José Carlos Pereira Ary dos Santos tornou-se conhecido do grande público como um dos mais talentosos poetas da sua geração, contribuindo para a renovação da música ligeira portuguesa, através dos seus poemas, que considerava serem a sua maneira de falar com o povo porque ser poeta é escolher as palavras que o povo merece.

Filho mais velho do médico Carlos Ary dos Santos e de Maria Bárbara de Castro Pereira, José Carlos Ary dos Santos nasceu em Lisboa, a 7 de Dezembro de 1937. O casal teve mais duas filhas, Maria do Rosário e Maria Isabel, e um filho, Diogo. Quando é ainda adolescente a sua mãe falece e o pai volta a casar. Dessa relação nasce a sua meia-irmã Ana Maria.

Iniciou a sua instrução no Colégio Infante Sagres mas, tendo sido expulso por mau comportamento, passou para o Instituto Nuno Álvares, um colégio interno em Santo Tirso. Mais tarde regressou aos estudos em Lisboa, no Colégio São João de Brito, no Lumiar. Apesar de não ter terminado nenhum curso superior frequentou as faculdades de Direito e de Letras de Lisboa.

Ary dos Santos inicia-se muito cedo na escrita de poesia e quando soma apenas 14 anos, em 1953, a sua família, contra a sua vontade, publica o seu primeiro livro, de título “Asas”.

A sua personalidade rebelde leva-o a sair de casa com apenas 16 anos e, para fazer face às despesas de sobrevivência, passa por vários empregos como vendedor de máquinas de pastilhas elásticas, paquete na Sociedade Nacional de Fósforos ou escriturário no Casino Estoril. Em 1958 Ary dos Santos inicia uma carreira na área da publicidade, onde terá bastante êxito fruto da sua grande criatividade aplicada nos slogans publicitários.

Paralelamente, continuará a escrever os seus poemas e, no ano de 1954, é reconhecida a qualidade dos seus escritos com a selecção de alguns dos seus poemas para a Antologia do Prémio Almeida Garrett, ladeando com nomes consagrados da poesia portuguesa.

A sua estreia efectiva dá-se em 1963 com a publicação do livro de poemas “A liturgia do sangue”. No ano seguinte é editado o “Tempo da lenda das amendoeiras” e o poema “Azul existe” que será representado no Tivoli, no Teatro da Estufa Fria e na RTP.

Ao longo da sua carreira, Ary dos Santos, foi sempre publicando livros de poemas, como: “Adereços, endereços”, em 1965; “Insofrimento in sofrimento”, em 1969; “Fotos-grafias”, um livro que foi apreendido pela PIDE, em 1971; “Resumo”, em 1973; “As Portas que Abril Abriu”, em 1975; “O Sangue das Palavras”, em 1979; e, em 1983, “20 Anos de Poesia”.

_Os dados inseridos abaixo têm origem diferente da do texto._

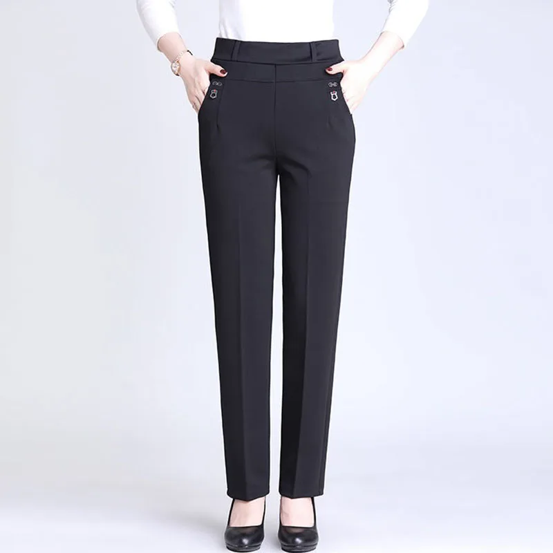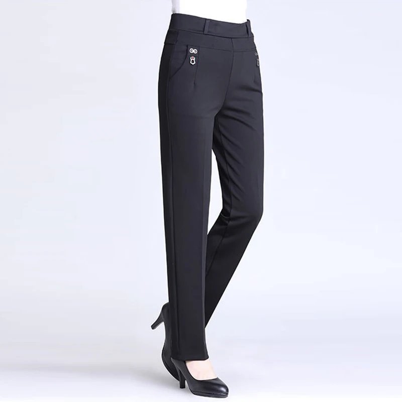 Product Name: Grande taille 5XL ajouter Velet maman pantalon 2018 couleurs solides taille haute décontractée femmes pantalon élastique lâche droite Atumn hiver pantalon

À data da sua morte, em 1984, tinha em preparação a obra “As Palavras das Cantigas”, que foi publicado pelas Edições Avante, em 1989, com coordenação de Ruben de Carvalho, e, também, uma autobiografia romanceada a que pretendia dar o título de “Estrada da Luz – Rua da Saudade”. Postumamente, em 1994, foi editada “Obra Poética”, uma colectânea dos seus poemas.

A teatralidade patente na sua voz vibrante encontra-se registada em várias edições discográficas, onde se apresenta como declamador. O seu primeiro disco, “Ary por si próprio” data de 1970. No ano seguinte participa no LP “Cantigas de Amigos”, juntamente com Natália Correia e Amália Rodrigues. Em 1974 surge “Poesia Política”, em 1975 “Llanto para Afonso Sastre y Todos”, em 1977 “Bandeira Comunista”, em 1979 “Ary por Ary” e, no ano seguinte, “Ary 80”, que será reeditado em CD em 1999.

Uma das componentes da vida do poeta Ary dos Santos é, também, a intensa actividade de militante político que o move pelo país, antes e depois da Revolução de 25 de Abril, apoiando pessoas e causas. Ary dos Santos inicia-se activamente na vida política em 1969. Nesta altura integra a campanha da Comissão Democrática Eleitoral e filia-se no Partido Comunista Português.

As extraordinárias capacidades criativas de Ary dos Santos estiveram também patentes na área que lhe logrou maior sucesso e popularidade junto do grande público, a de autor de poemas de canções e Fados.

Em 1969 concorre, sob pseudónimo ao Festival da Canção, com o poema “Desfolhada”. Com música de Nuno Nazareth Fernandes e interpretação de Simone de Oliveira, esta canção alcança o primeiro lugar. A música é editada em disco e apresentada repetidamente na rádio e na televisão, bem como em espectáculos por todo o país.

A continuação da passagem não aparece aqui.